Я упрямо сопротивлялся всем усилиям старого седобородого учителя, который кротко, но настойчиво старался научить меня еврейским буквам. Дело в том, что я, как все дети, не хотел расставаться с детством. Я боялся мира с его суровыми законами и угадывал его в черных буквах, чья таинственная власть завладевает воображением, как беззащитной жертвой. Сказавший ”а” скажет и ”б”, и вот ты уже в сетях; тебе ничего не нужно, кроме слов, ты их уже обожествляешь. Я предчувствовал смутно, что в один прекрасный день, когда этот порог будет перейден, именно они, буквы, отнимут у нас невинность детства и встанут между нашими желаниями и их осуществлением.

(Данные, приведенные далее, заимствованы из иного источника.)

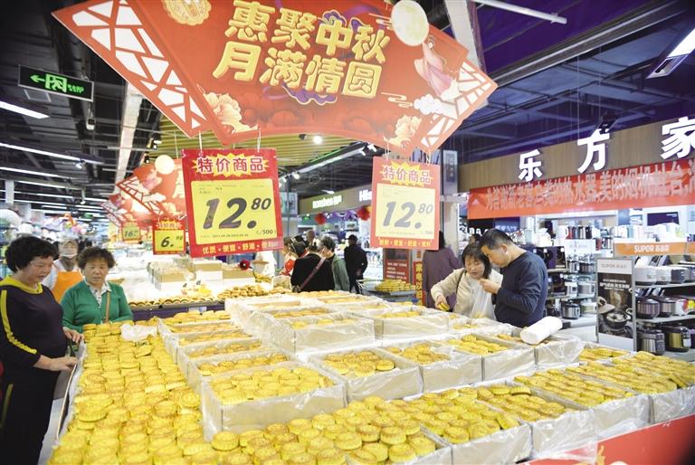 9月28日,在中秋、國慶“雙節”來臨之際,臨夏市消費市場節日氛圍濃厚,人們忙著在市場、超市里選購節日商品,熱熱鬧鬧喜迎佳節。記者?史有東?攝...
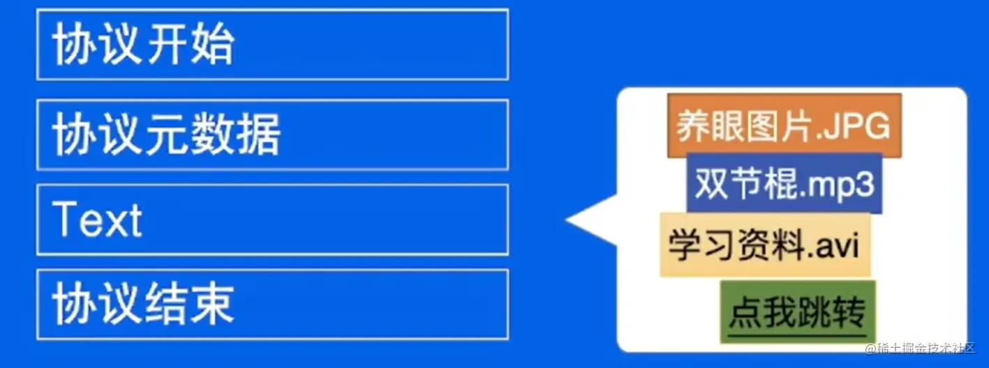 - 能携带信息。传输的消息有多种类型(文本、超链接、图片、音乐等等),首先需要明确传输的消息是什么类型的,然后,把这些消息的具体内容都塞到消息队列中,再进行传输。

Его примерное поведение только сердило нас: почему он хочет казаться не таким, как все? Через некоторое время я понял: он и был не таким, как все. Его мать умерла при его рождении.

Я не знал, что значит умерла; быть сиротой казалось мне чем-то вроде отличия, чести, которая достается далеко не каждому. Втайне я стал ему завидовать. И вести себя с ним я тоже стал иначе. Чтобы снискать его доверие, я делился с ним своим иму

ществом, завтраками, подарками. Дома изумлялись:

я, которого раньше приходилось уговаривать есть, стал уносить двойные порции.

Моя мать была жива, и это казалось мне несправедливостью. Перед сиротой я чувствовал себя неправым: у меня было богатство, которого у него не было. Ни он ни я тут ничего не могли поделать. Я отдал бы все, чтобы равновесие восстановилось. Я должен был стать не только его должником, но и поклонником, и благодетелем. Он же принимал мои жертвы, и уж не помню, благодарил ли он меня и нуждался ли он в них вообще. Не знаю почему, но я считал, что он беден. Хотя нет, знаю: я был балованным мальчиком и в сироте непременно видел бедного сироту. Несчастье я понимал как нечто всеобъемлющее: кто потерял часть любви, возможность любви, тот потерял все.

Я слышал, как в день своего рождения, совпавший с днем смерти его матери, он читал в синагоге Каддиш. Я удерживался изо всех сил, чтобы не вырваться от отца и не кинуться с плачем на шею моему другу, повторяя за ним погребальную молитву, славящую Господа, который наверное знает, что делает, отнимая радость у маленьких детей.

Через несколько лет наши дороги разошлись. Сирота не появлялся больше на моем горизонте. У меня были новые друзья, и сегодня я по другим причинам заявляю права на свою долю вины, но в основе этого чувства я всегда обнаруживаю его.

А между тем я хорошо знаю, что мой первый друг давно уже перестал быть из ряда вон выходящим явлением: мы все — поколение сирот, и Кадциш стал для нас ежедневной молитвой. Но всякий раз, когда смерть отнимает у меня близкое существо, я оплакиваю его, моего забытого друга. И спрашиваю себя, не мое ли лицо у него было, не моя ли судьба — может быть, он уже был тем, кем я стал впоследствии? И тогда я решаю, что пора мне приниматься усердно за азбуку, хотя бы для того, чтобы больше на него походить.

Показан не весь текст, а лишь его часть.